## Exercise aim
Each record, word for word and stripped of pictures, is what the answer should contain.

## Exercise inputs
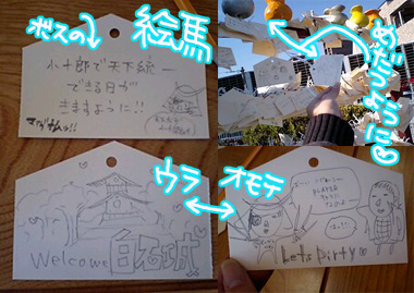 新年イベントのひとつがひっそりとやっていたのでみんなで絵馬かいてきたんですが(下のが自分の)、小十郎をプレイキャラに!とかそれぞれ本気のお願い(笑)もしかしたら…!カプ●ン様の目にとまるかも!!とか言ってヨリヨリを駆使して超目立つ様に結びつけてきた。……凄い迷惑だったな…プリクラの前で語尾「~ずら」にしたり(大河)……公害だった…
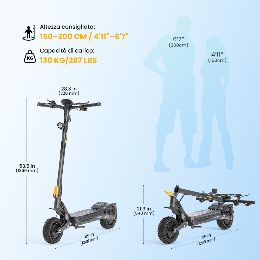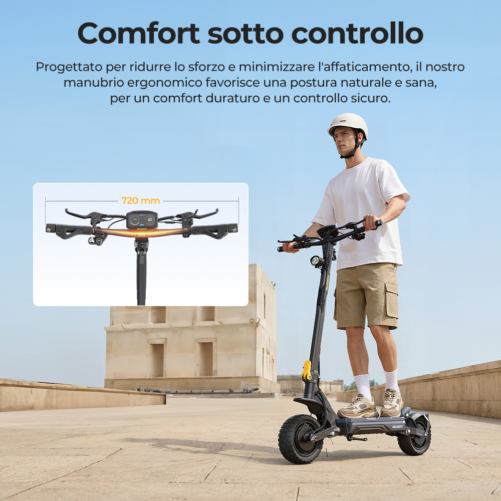È dotato di un manubrio ergonomico che favorisce una posizione di guida naturale, riducendo l’affaticamento di braccia e polsi sulle lunghe distanze. La pedana ampia ed estesa (520 × 185 mm) offre più spazio per i piedi e una migliore distribuzione del peso, migliorando comfort, stabilità e controllo. Il design pieghevole consente di riporlo facilmente in garage, nel bagagliaio o in spazi ridotti, rendendo semplice il trasporto e lo stoccaggio — perfetto per le tue avventure all’aperto.
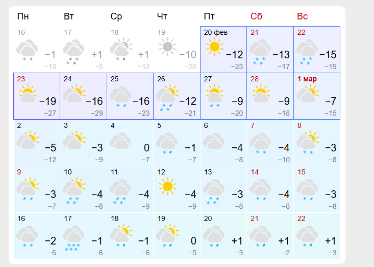 Аналогичные прогнозы опубликованы в сервисах «Яндекс» и «ФОБОС». Согласно их информации, устойчивое потепление с плюсовыми температурами наступит во второй половине марта, в 20-х числах. До этого периода тюменцев ждут снег и дождь.
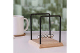 This iconic science toy has been updated to make a classy desk accessory. Featuring beech wood base and stainless steel frame and 5 balls. Simply lift one ball and let it do to watch conserved momentum and energy work in front of you! This is the medium size standing at 14cm tall.
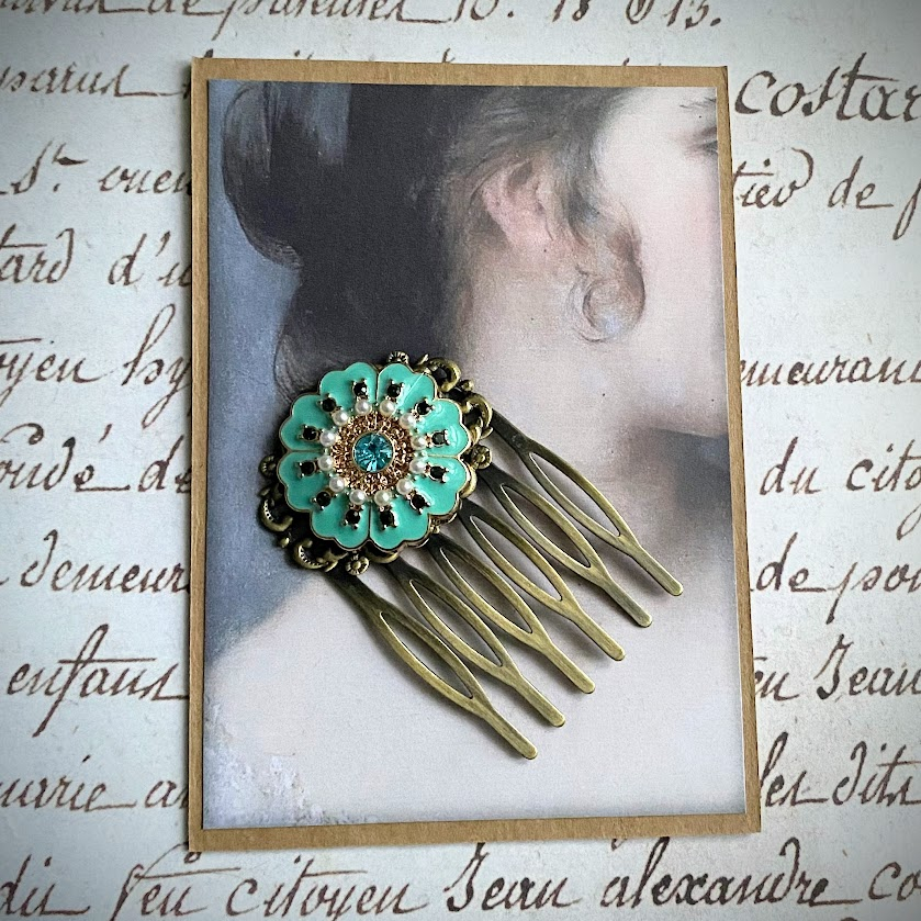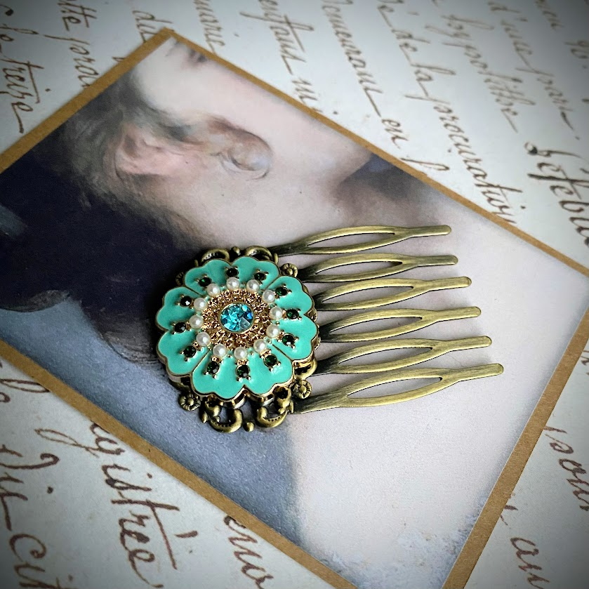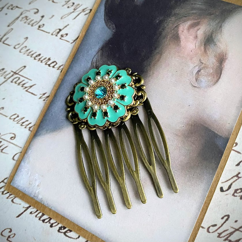 Antiikkimessinginväristä kampaa koristaa upea, turkoosisävyinen detalji. Emaloitu kukka on viimeistelty helmillä ja kristalleilla.

## Answer for the task
 新年イベントのひとつがひっそりとやっていたのでみんなで絵馬かいてきたんですが(下のが自分の)、小十郎をプレイキャラに!とかそれぞれ本気のお願い(笑)もしかしたら…!カプ●ン様の目にとまるかも!!とか言ってヨリヨリを駆使して超目立つ様に結びつけてきた。……凄い迷惑だったな…プリクラの前で語尾「~ずら」にしたり(大河)……公害だった…
È dotato di un manubrio ergonomico che favorisce una posizione di guida naturale, riducendo l’affaticamento di braccia e polsi sulle lunghe distanze. La pedana ampia ed estesa (520 × 185 mm) offre più spazio per i piedi e una migliore distribuzione del peso, migliorando comfort, stabilità e controllo. Il design pieghevole consente di riporlo facilmente in garage, nel bagagliaio o in spazi ridotti, rendendo semplice il trasporto e lo stoccaggio — perfetto per le tue avventure all’aperto.
 Аналогичные прогнозы опубликованы в сервисах «Яндекс» и «ФОБОС». Согласно их информации, устойчивое потепление с плюсовыми температурами наступит во второй половине марта, в 20-х числах. До этого периода тюменцев ждут снег и дождь.
 This iconic science toy has been updated to make a classy desk accessory. Featuring beech wood base and stainless steel frame and 5 balls. Simply lift one ball and let it do to watch conserved momentum and energy work in front of you! This is the medium size standing at 14cm tall.
 Antiikkimessinginväristä kampaa koristaa upea, turkoosisävyinen detalji. Emaloitu kukka on viimeistelty helmillä ja kristalleilla.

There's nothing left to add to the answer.